> HOW TO COMPLETE THIS TASK: Find the line with "Adagio Bridal D1569" in the records below. Output exactly from there until after the line with "Επιστολή πρ. Δημάρχου", without pictures.

> SOURCE DATA:
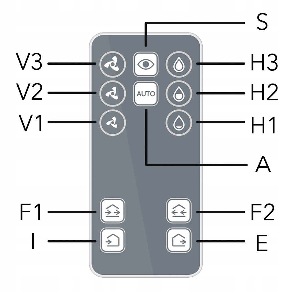 - Funkcja higrostatu z możliwością wyboru trzech wartości : 40% - 55 % - 70%Możliwe jest ustalenie progu maksymalnej wilgotności dla higrostatu, by dostosować go do pomieszczenia, w którym pracuje. Gdy poziom wilgotności względnej zostanie ustalony, urządzenie będzie wyciągać powietrze z pomieszczenia w sposób ciągły, aż do momentu, gdy odczyt z czujnika spadnie poniżej zadanej wartości. W przypadku zespolonej pracy kilku jednostek, wszystkie urządzenia będą pracować w trybie wyciągowym, aż do momentu, gdy wilgotność obniży się do żądanej wartości. Domyślnie został ustalony poziom H2, co odpowiada wilgotności względnej na poziomie RH: 55%.
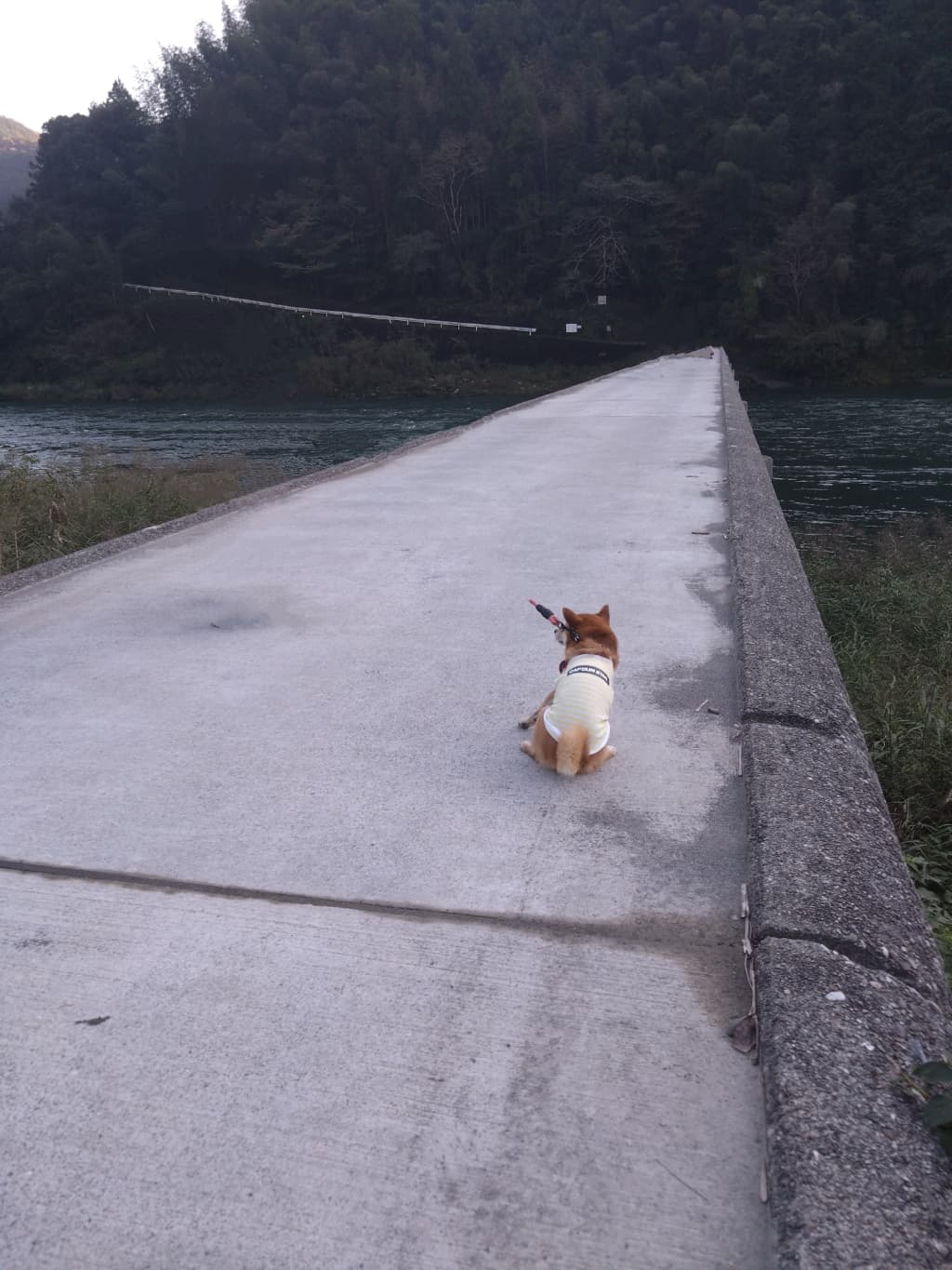 道中の道路が狭く、河原の空き地に駐車しないといけない為、橋まで歩く際にワンちゃんが飛び出したりしないように注意が必要です。
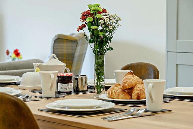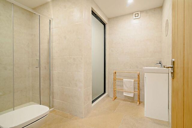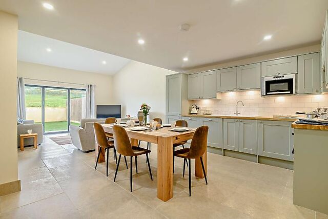 The fully equipped kitchen is ideal for preparing delicious meals, and the dining area comfortably seats everyone. The ground floor features a king-size bedroom with an en-suite shower room and patio doors leading to the enclosed garden.
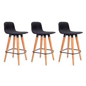 Kit 3 Banquetas Baixas Linea Aço Preto para Cozinha Ilha Gourmet Area Lazer Decor - Preto Assento
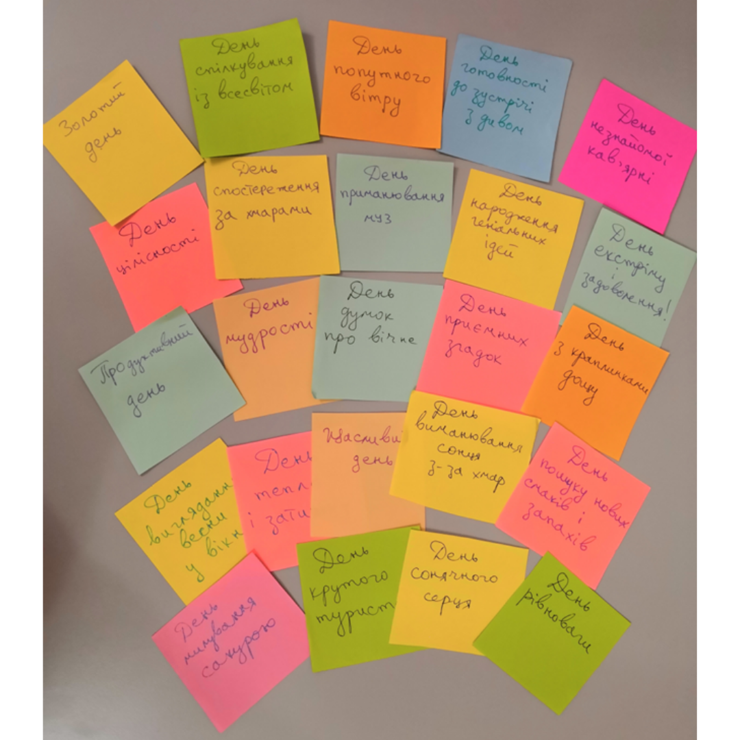 Для втілення ідеї тематичного дня спочатку хотіла використовувати рамку для фотографій, куди можна було б кожен день вставляти новий аркуш з написом мого «свята». Але мріялось про щось більш просте, яке б не займало багато часу.
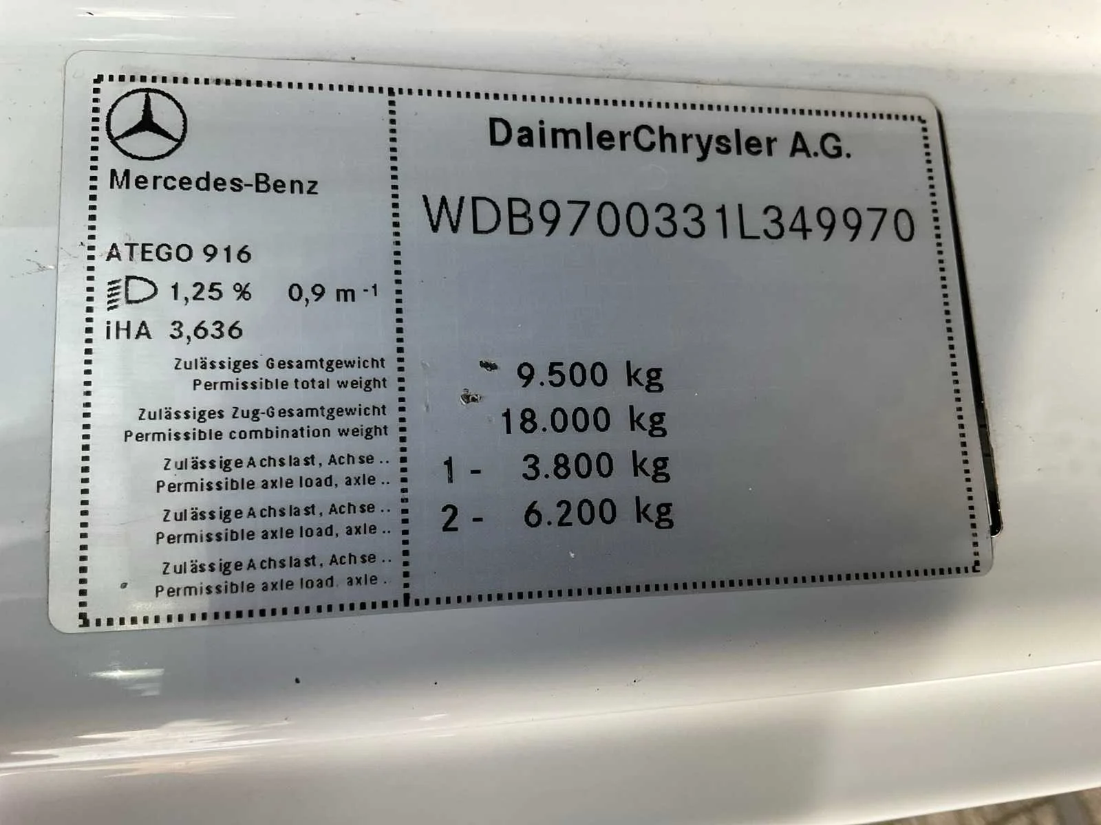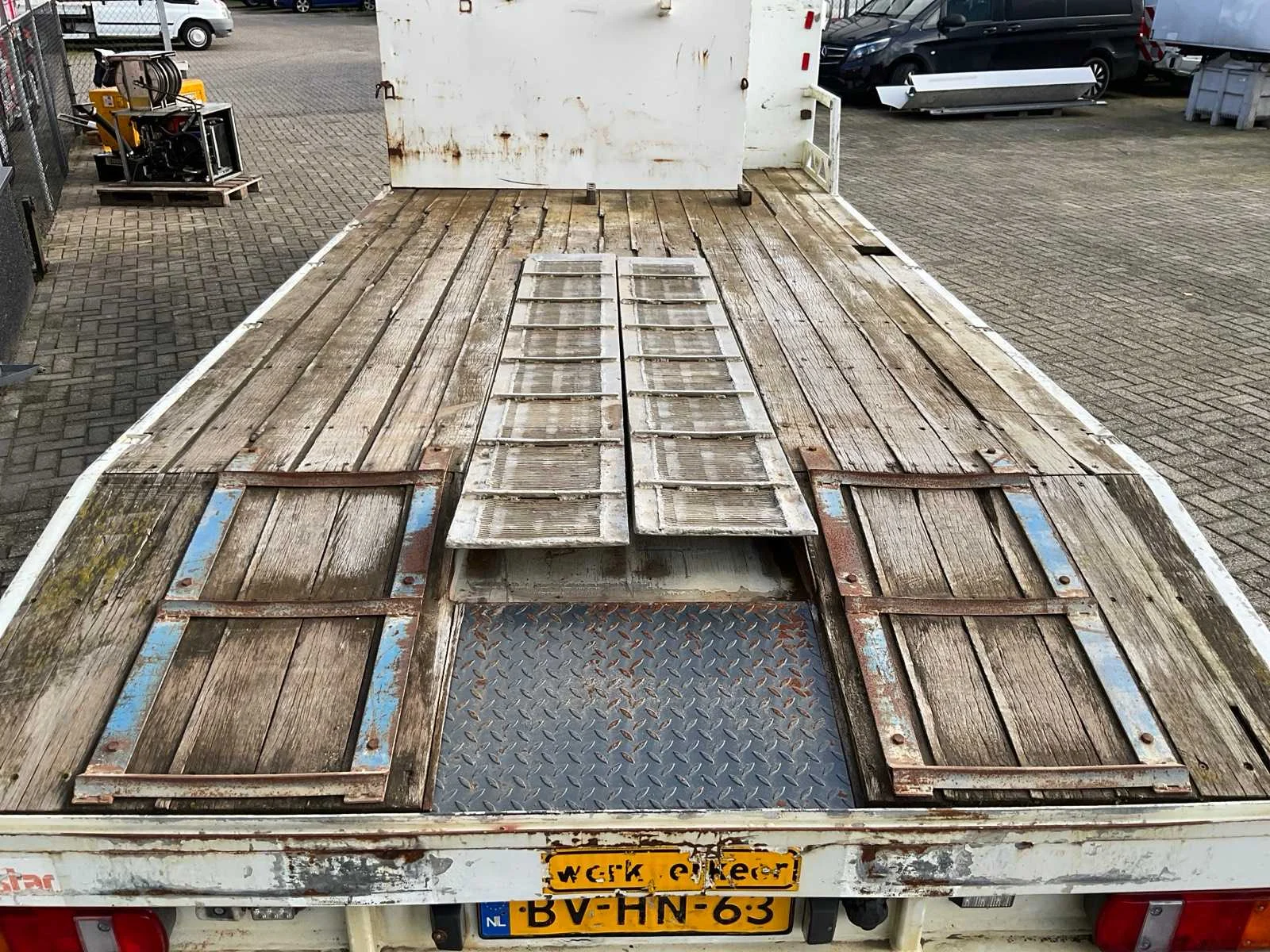 Afmeting laadvloer 5100x2350mm, laadvloer hoogte 950mm, 2x aluminium oprijdbanen, losstaande opslagbox 1800x700x1900mm, apk/mot is vervallen Kenteken: BV-HN-63 Merk: Mercedes-Benz Type: Atego 916 Bluetec5 Bouwjaar: 2008 Chassisnummer VIN: WDB9700331L349970 Cilinderinhoud: 4249cc Kilometerstand bij opname: 279102km APK vervaldatum: 2025-05-15 Datum eerste toelating: 2008-08-26 Datum eerste toelating (NL): 2008-08-26 Type transmissie: Automatisch Aantal assen: 2 Asconfiguratie: 2x2 Fuel Type: Diesel Laadvermogen: 4157kg Aantal sleutels: 2 Emissieklasse: 5 Startinformatie: Ja Nationaliteit documenten: Nederlandse Aantal zitplaatsen: 3 Diesel: true No self drive export!: true
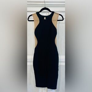 This dress is so hot! Bailey 44 black bodycon dress with sheer panels size x-small. NWOT, I took off the tags for a Vegas vacation but never wore it. Pull-over style. Hugs perfectly. The sheer panels help create the perfect hour glass figure. Perfect for a hit date night. Sexy and confident! Great little black dress.
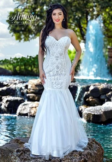 Adagio Bridal D1569 strapless sweetheart neckline beaded sequin and tulle long destination bridal gown wedding dress
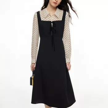 Women’s Korean Style Fake Two-Piece Spliced A-Line Dress – Casual Knee-Length Outfit
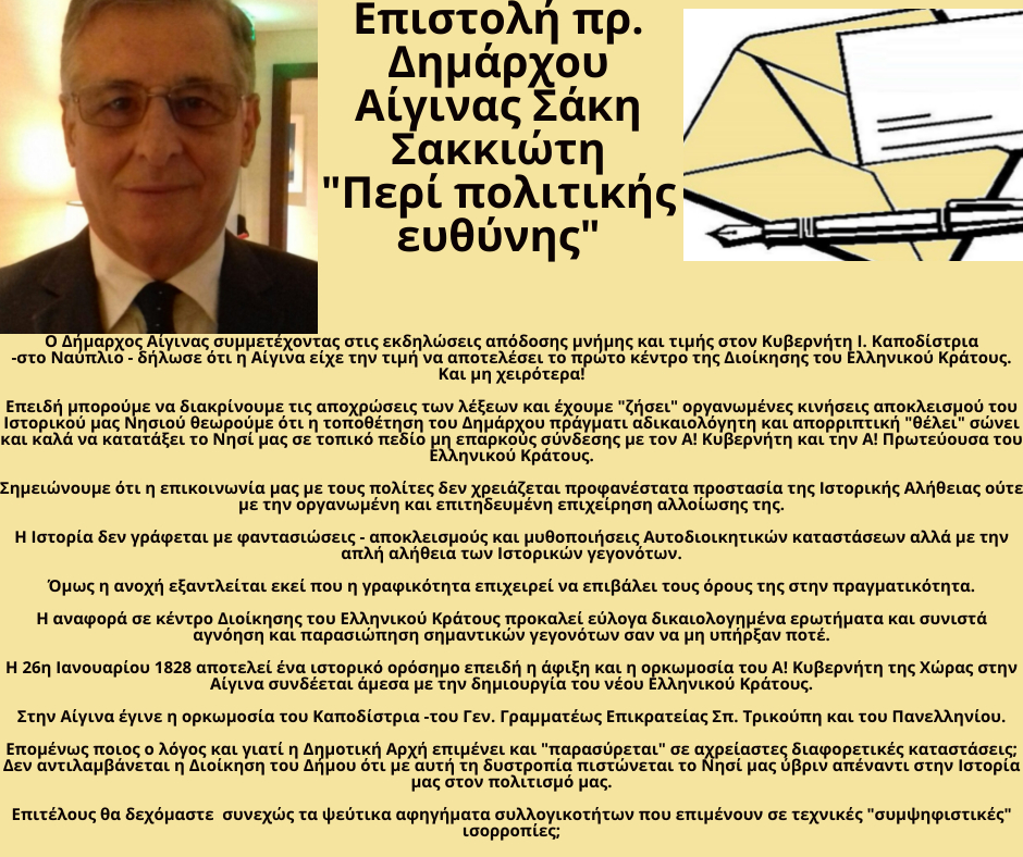 Επιστολή πρ. Δημάρχου Αίγινας Σάκη Σακκιώτη: "Περί πολιτικής ευθύνης"
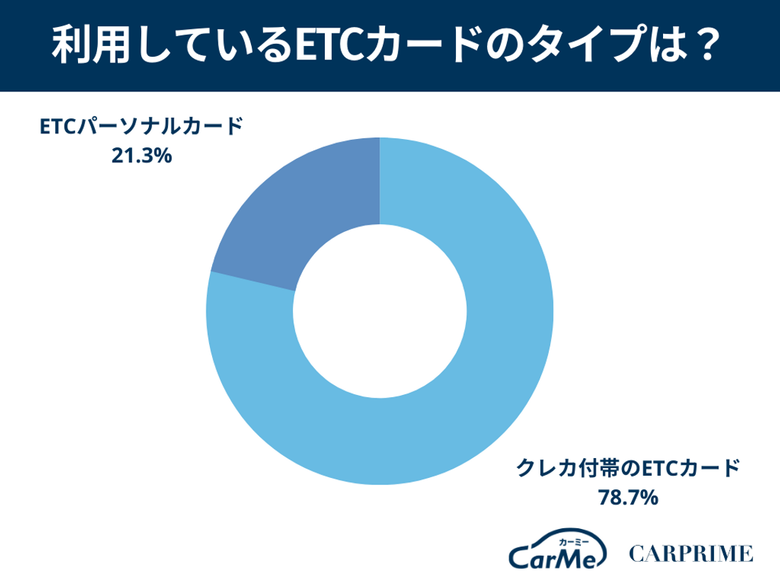 ETCカードを持っている方のうち、78.7%はクレジットカードに付帯するETCカードを所持していました。クレジット機能のないETCパーソナルカードも21.3%の方が利用しているようです。

> ANSWER FOR THE TASK:
 Adagio Bridal D1569 strapless sweetheart neckline beaded sequin and tulle long destination bridal gown wedding dress
 Women’s Korean Style Fake Two-Piece Spliced A-Line Dress – Casual Knee-Length Outfit
 Επιστολή πρ. Δημάρχου Αίγινας Σάκη Σακκιώτη: "Περί πολιτικής ευθύνης"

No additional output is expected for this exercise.